Lucas sorriu. Achou engraçado o jeito dela. Ele nunca reparara que enrugava o rosto do jeito que ela dizia.
– Assim tá bem melhor – ela desviou os olhos, constrangida pela reação de suas entranhas ao primeiro sorriso dele. Como um simples gesto podia causar um frenesi tão grande? Sem poder se conter, olhou de novo para os lábios de sorriso tímido e se impressionou com a mudança que o sorriso causava na expressão dele.
– Eu nem percebo. Eu uso óculos por hábito, e porque...
Ana ficou esperando-o completar a frase, mas ele não o fez. Parecia que ele nunca terminava uma frase direito.
– Você ainda não comunicou à pousada até quando pretende ficar.
– Faço isso hoje.
Ela esperou que ele dissesse algo além disso, mas ele também não informou mais nada. Não queria assumir, mas saber que ele ainda não ia embora lhe causou um certo prazer secreto. Voltou a observar as nuvens carregadas.
– O tempo está fechando rápido. Acho melhor a gente voltar.
– Tá com medo de se molhar? – ele perguntou, travesso.
– Não, – ela deu uma gargalhada curta – é por causa das descargas elétricas.
Lucas olhou para ela, atraído pelo som da gargalhada, e se divertiu internamente com o duplo sentido da conversa, claramente interpretado desta maneira apenas por ele. Tinha se esquecido de como fazer isso, jogar conversa fora, flertar abertamente sem se preocupar com as consequências.

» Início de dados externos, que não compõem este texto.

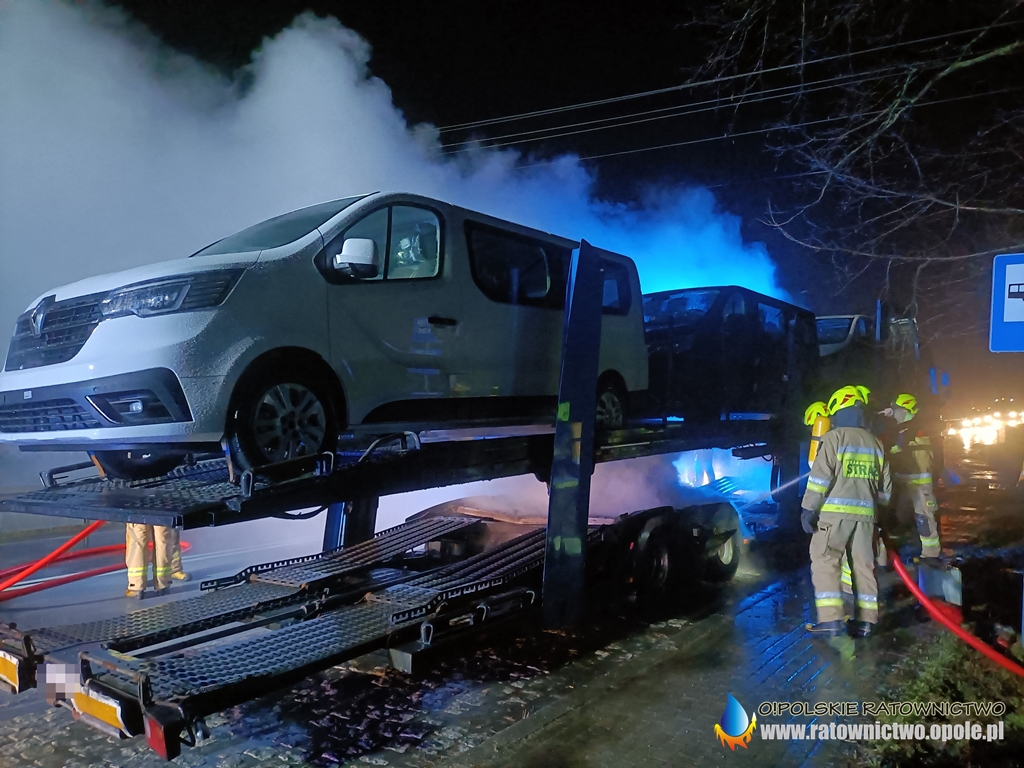 Działania strażaków polegały na podaniu dwóch prądów wody, w natarciu i obronie. Dzięki sprawnym działaniom ogień nie przedostał się na przewożone samochody.

Ana continuava olhando para as ondas, e ele se viu meio fascinado por ela também. Por causa da força das ondas, o cabelo outrora preso agora estava solto, todo emaranhado e cheio de areia, e ele conteve um impulso súbito de desembaraçá-los com a ponta dos dedos. Que pensamento besta!
Pela primeira vez, Ana percebeu o olhar dele sobre si e especulou se ele chegara a olhá-la assim por trás das lentes escuras em algum momento. O pensamento a aqueceu por dentro.
– Você poderia me dar umas aulas... – ele sugeriu de modo displicente, sem tirar os olhos dela.
– O quê?
– É, você poderia me ensinar a surfar.
– Eu não sei se eu sei ensinar alguma coisa – ela estava surpresa com o pedido dele.
– Pensa no assunto, ok?
– Mas você ao menos tem uma prancha?
– Isso é fácil de arrumar.
Ana ficou encarando-o, boquiaberta. Ele parecia falar sério.
Lucas se pegou mirando os lábios entreabertos, e uma fisgada na virilha o fez se erguer de um salto e se afastar em busca dos tênis que deixara em algum lugar na areia. Quando os encontrou, Ana o viu voltando para a pousada sem se despedir, como quem fugia de uma ameaça desconhecida.